A year or so ago, someone just about qualified on our course, on the basis of his plausible reflection and theorising of practice. He scraped through the directly observed teaching practice. This year we have one of his colleagues on the course, who is disparaging about his current practice. Practically, she is clearly streets ahead of him, already; the hoops she has really has to jump through are academic (with which on present evidence she will have no problem). But she already has the craft skills and is not "qualified"; he has the bare minimum and is "qualified".

22 November 2005

On being reactionary

We have several sides to our characters, and in particular to our values. Sometimes my impeccably liberal approach to life is sullied by the resurgence of my atavistic conservative side, which cannot be suppressed forever.

A former colleague was brilliant at managing this. She was and indeed is, a very accomplished and effective counsellor, the embodiment of empathy, warmth and genuineness for her clients. But she emerged from her sessions and (without letting slip of her professionalism of confidentiality, and only in the presence of trusted colleagues) she would—in the jargon—"abreact". She became judgemental to say the least; "What a total prat! How could such a f****** immature selfish git think she could sustain a relationship...?" and so on for five minutes or so. Then she would sigh, and say, "Sorry. That's better. I just needed to get that off my chest." When tackled about this (I was not her supervisor, just a trusted colleague and friend), she was open about it. "I can't deny that that there is a bit of me which wants to slap some clients' faces and tell them to get a life. It's better to acknowledge and vent that bit than to leave it simmering to contaminate my real practice."

It is in that spirit that I respond to the glimpse of a notice the other day. It advertised "Post-graduate learning support."

What?

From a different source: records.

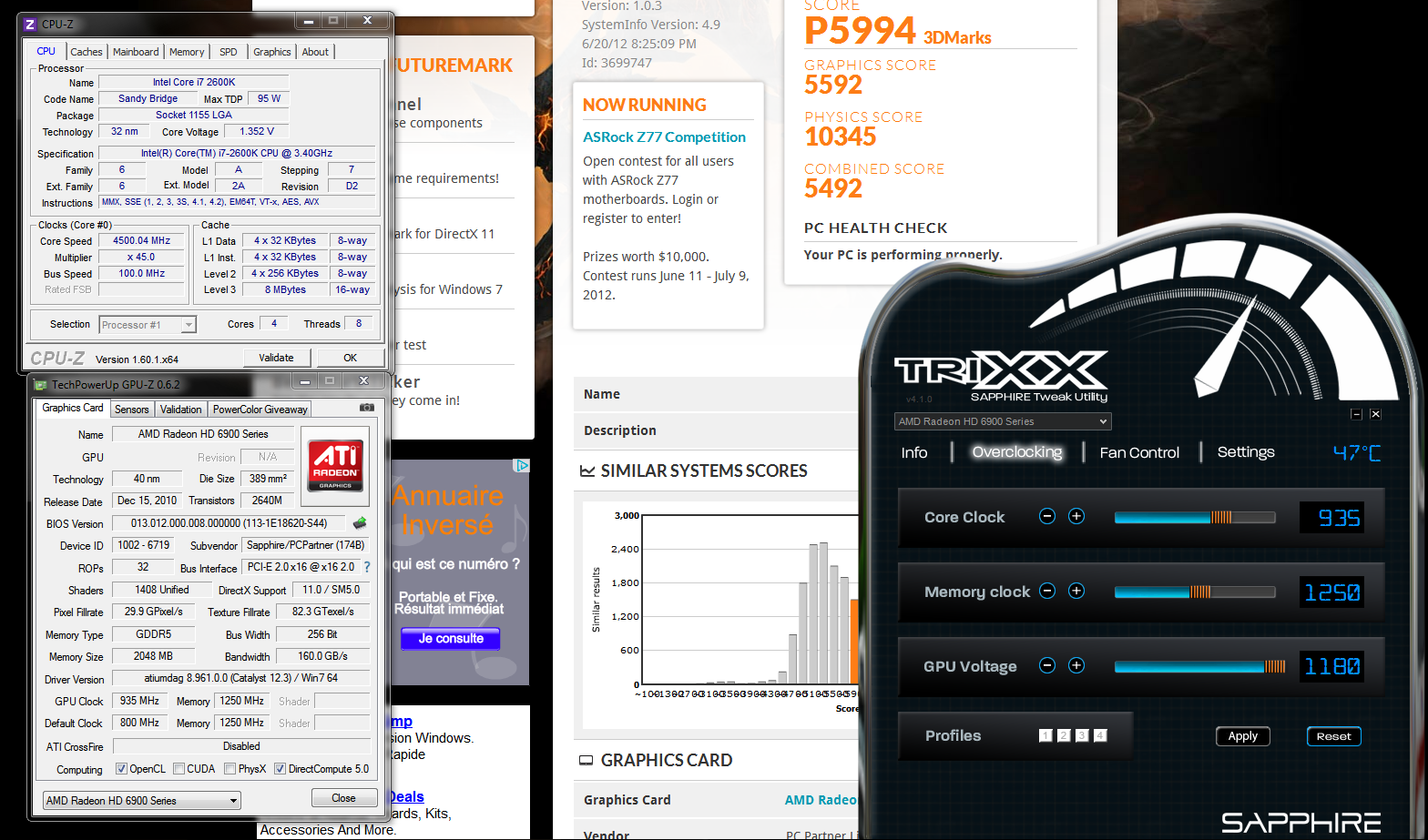 A 950 tu devrais faire les 6000 point tu as des plantage sous 3Dmark11 a cette fréquence ?
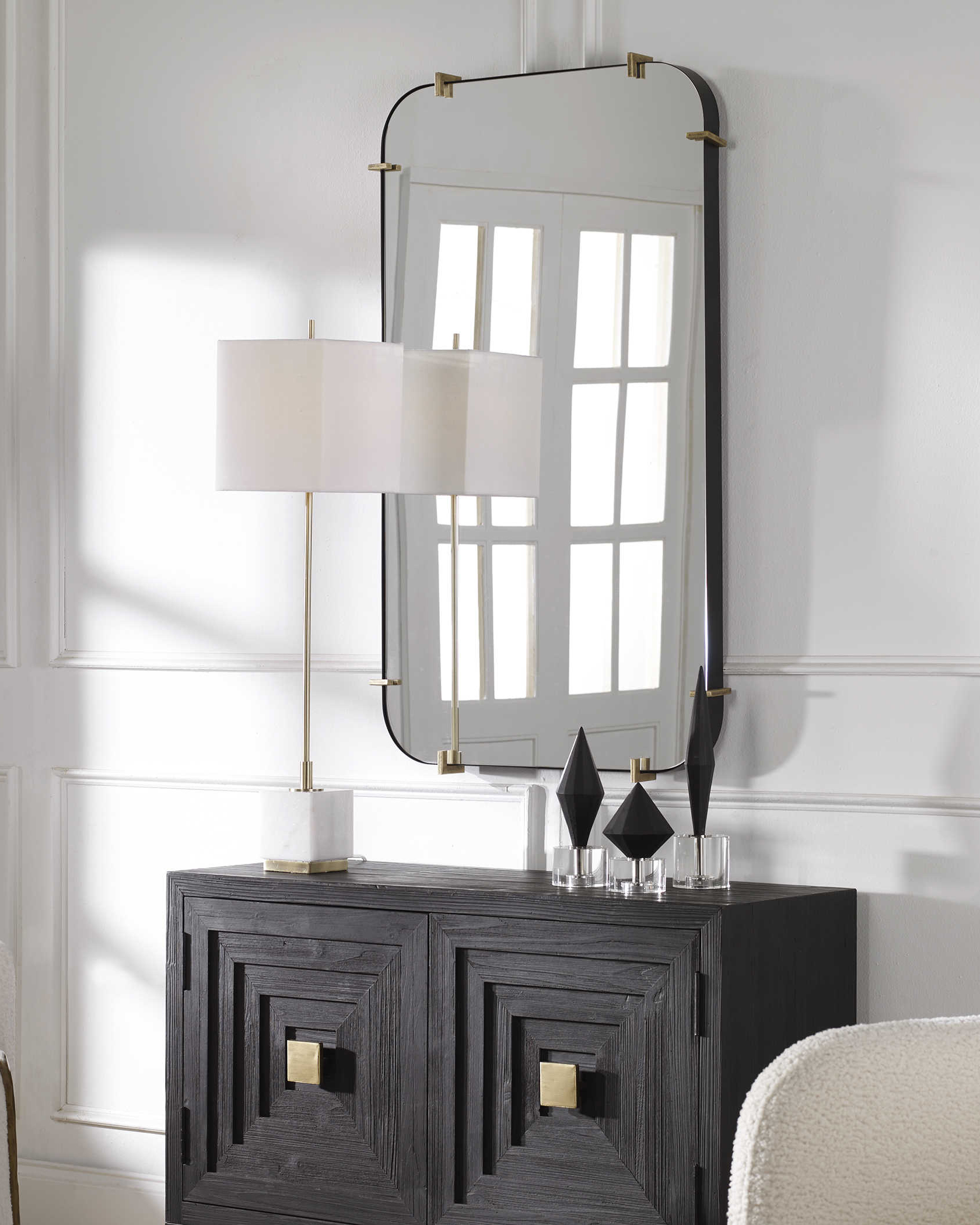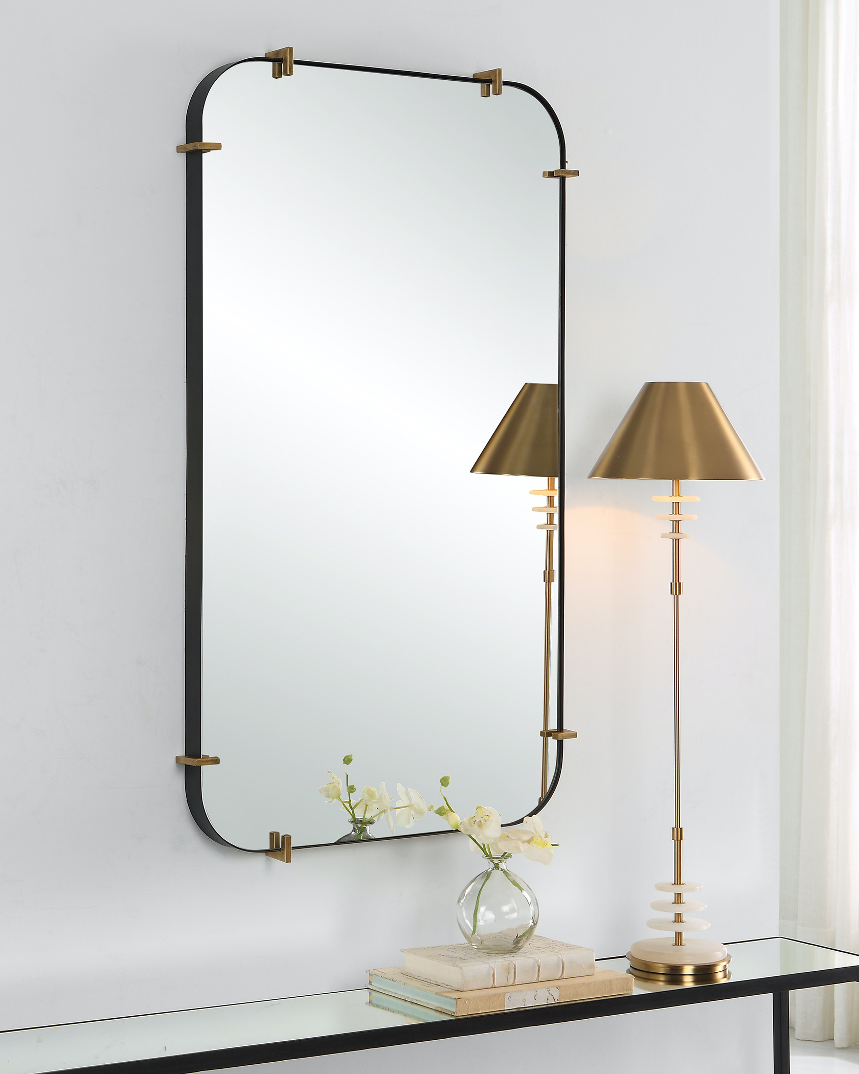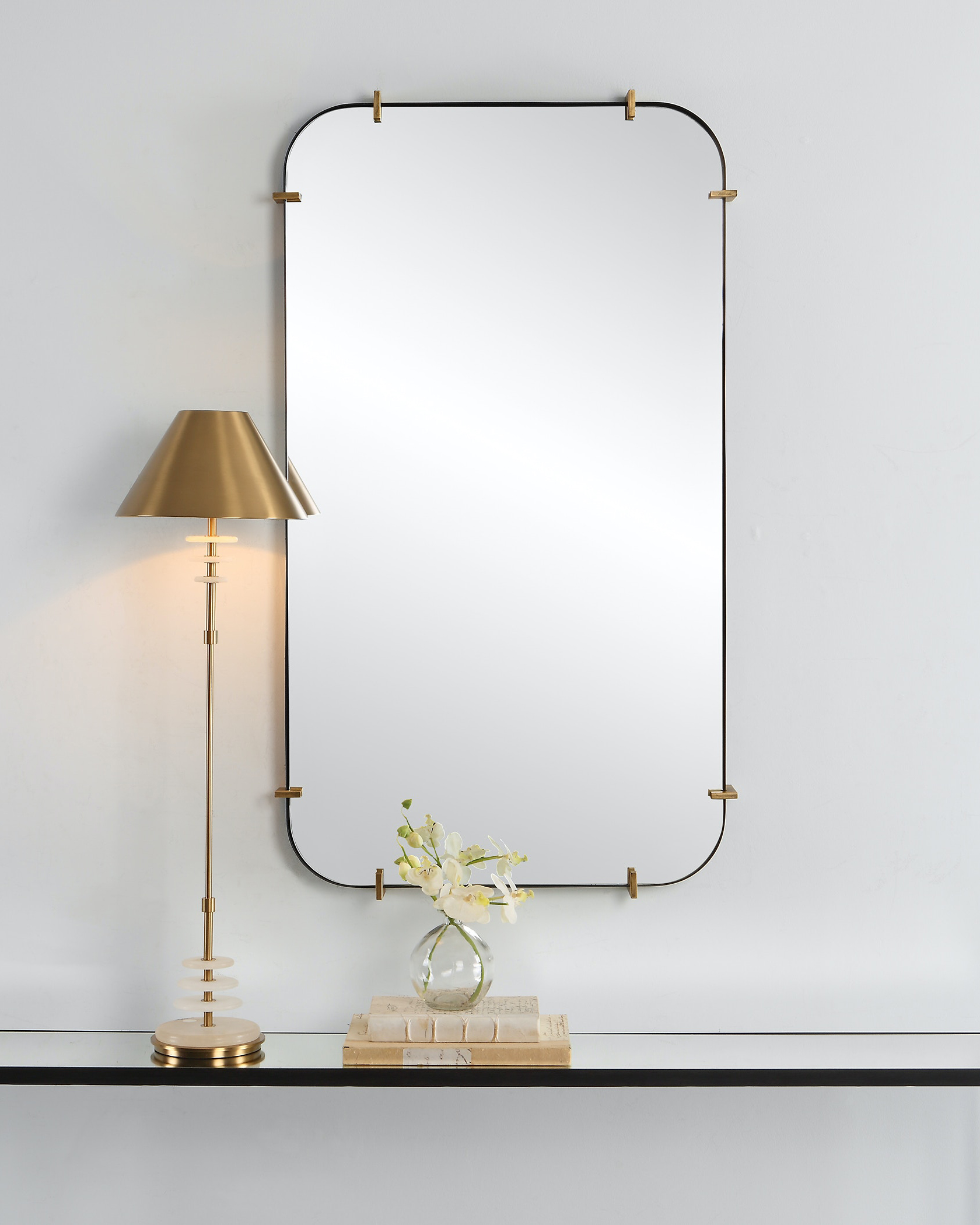 Внутренний размер: 117 см. х 65,5 см. Настенное зеркало в раме “Пали” – это идеальное решение для тех, кто ценит современный и индустриальный стиль в интерьере. Основным преимуществом зеркала “Пали” является его стильная рама из черного металла. Черный цвет придает зеркалу современность вид, рама зеркала украшена небольшими декоративными деталями в цвете латунь. Золотые элементы также слегка состарены, что придает зеркалу привлекательности и делает его еще более интересным. Оно может быть повешено как горизонтально, так и вертикально, что позволяет вам выбрать оптимальное положение в зависимости от ваших предпочтений и потребностей. Благодаря своим размерам, “Пали” будет отлично смотреться в любой комнате вашего дома – в прихожей, гостиной, спальне или даже в ванной комнате. Это зеркало не только будет служить вашему основному предназначению – отражать, но и создаст впечатление пространства и света в помещении. Настенное зеркало “Пали” поможет создать уютную и стильную атмосферу в вашем доме!
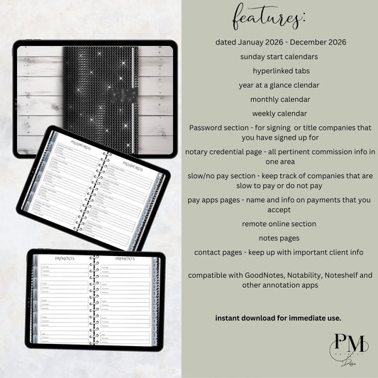 2026 Notary Digital Planner | Digital Planners for Signing Agents/Notary | Notary Planner with Hyperlinks | Best Digital Planner for Notaries 2026
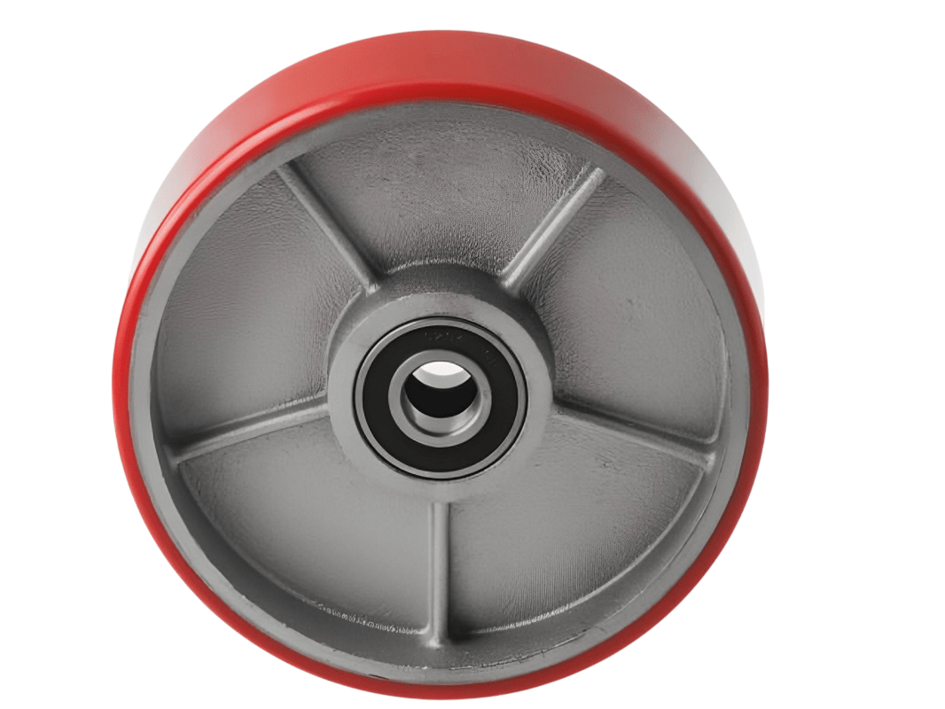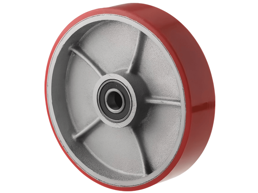 Контактный слой этих колёс выполнен из полиуретана — материала, который отличается долговечностью и может использоваться на полах с любым покрытием. Он обладает высокой износостойкостью и не оставляет следов на поверхности. В оси установлен шариковый подшипник, а обод выполнен из чугуна.
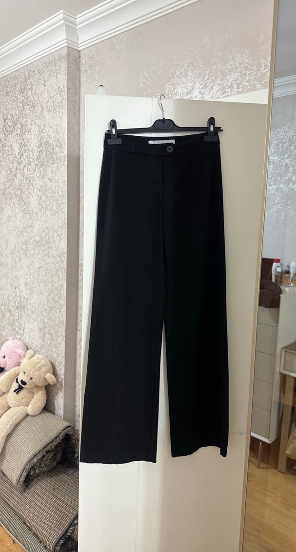 Düğmeli, baskılı siyah kadın pantolon, sentetik kumaştan, midi boyda, ofis ve sokak stili için uygun, dar kesim. 36 beden. Xs/s bedene uyumlu

We have graduates who need "learning support"? OK, I concede that in particular circumstances such as specific learning disabilities like dyslexia, or overseas students working in a second or even third language, support may be needed. But surely, one thing which should be taken for granted in graduates is that they know how to learn!
What does it say about our university system that we graduate people who still need support to do what they have spent about sixteen years learning how to do, i.e. learn?

Abreaction over, for now.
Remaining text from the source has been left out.